La pluie tombait, lourde et hostile, au travers d’une nuit froide et lugubre mais étrangement paisible. Elle répandait dans l’atmosphère des émanations terreuses, végétales, champignonnesques. Un peu comme pour révéler toute l’intensité de cet équinoxe d’automne, et la mystérieuse perturbation des éléments qui s’y corolle : lorsque la durée du jour devient strictement égale à celle de la nuit, que me semblent s’évaporer les prétendues limites entre les mondes tangibles et abstraits.
Désormais, la lumière allait se raréfier et nous infliger de basculer, bon gré mal gré, vers les ténèbres de l’hiver.

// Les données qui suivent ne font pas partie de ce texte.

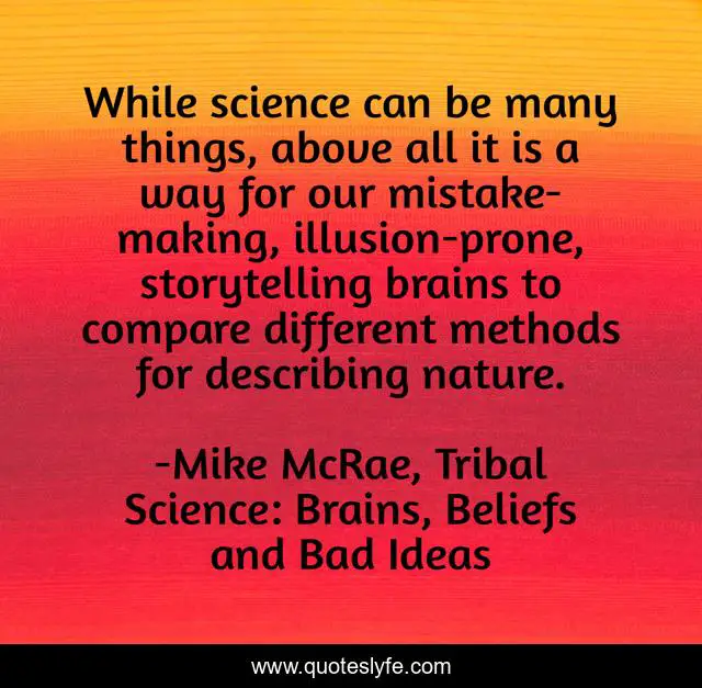 This page presents the quote "While science can be many things, above all it is a way for our mistake-making, illusion-prone, storytelling brains to compare different methods for describing nature.". Author of this quote is Mike McRae, Tribal Science: Brains, Beliefs and Bad Ideas. This quote is about science, scientific-method, nature, storytelling, brain,.
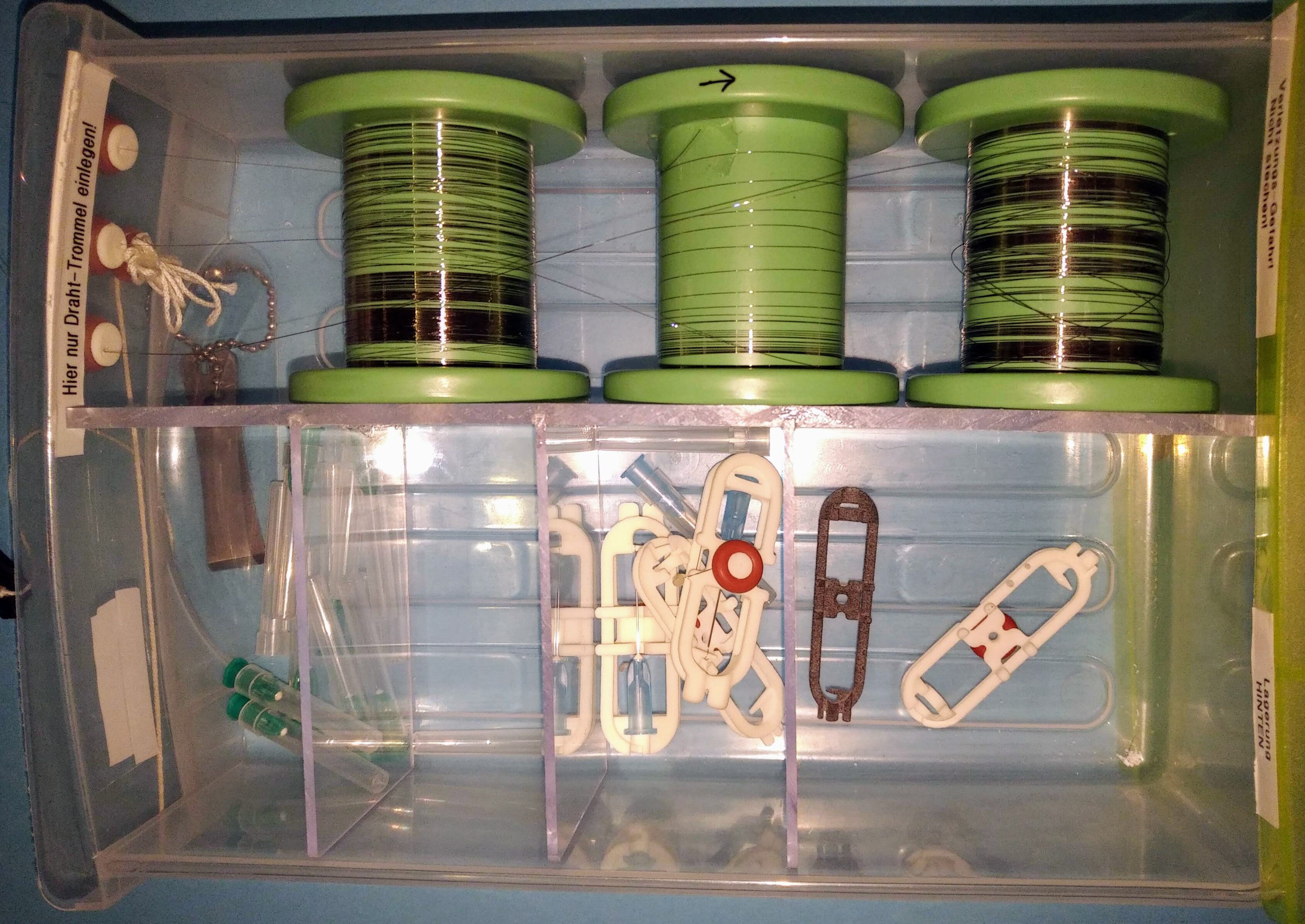 0,09 mm im Set, 0,1 mm & 0,15 mm Durchmesser auf 20 m Trommel (im Bild: Fädler-Station nach Csögör mit 3 Drahttrommel und Aufbewahrungsfä-chern für Kanülen-Drahschlaufen-Halter, Kanülen, Längenmaß, Montagestand, Draht-Bolzenschneider ff.

Les naufrages du temps refaisaient surface mais s’accompagnaient pour la première fois d’une mélodie mélancolique presque amusante. Fataliste et optimiste, car, c’était certain, il y aurait un après…
Demain serait, à l’instar de chaque premier novembre, la Fête de tous les Saints. Après-demain, la commémoration des Fidèles défunts. Comme un rappel : souviens-toi, on est bien peu de chose.
A mon réveil, quelques braises de la veillée subsistaient au fond de la cheminée.
Un fagot de brindilles sèches suffit à raviver le feu dans l’insert, pendant que le café coulait. Puis, j’ajoutais deux grosses bûches et contemplais la flamme progressivement s’amplifier. Immergé dans le silence de la nuit, je me sentais protégé, libre et accompli.
Au-delà de la beauté de l’instant, ce tableau idyllique m’inspirait quelque chose d’apaisant et de réjouissant.
En réalité, rarement je ne m’étais senti aussi fidèlement connecté à ma destinée.
Finalement, sans même m’en rendre compte, je crois bien que j’étais redevenu heureux…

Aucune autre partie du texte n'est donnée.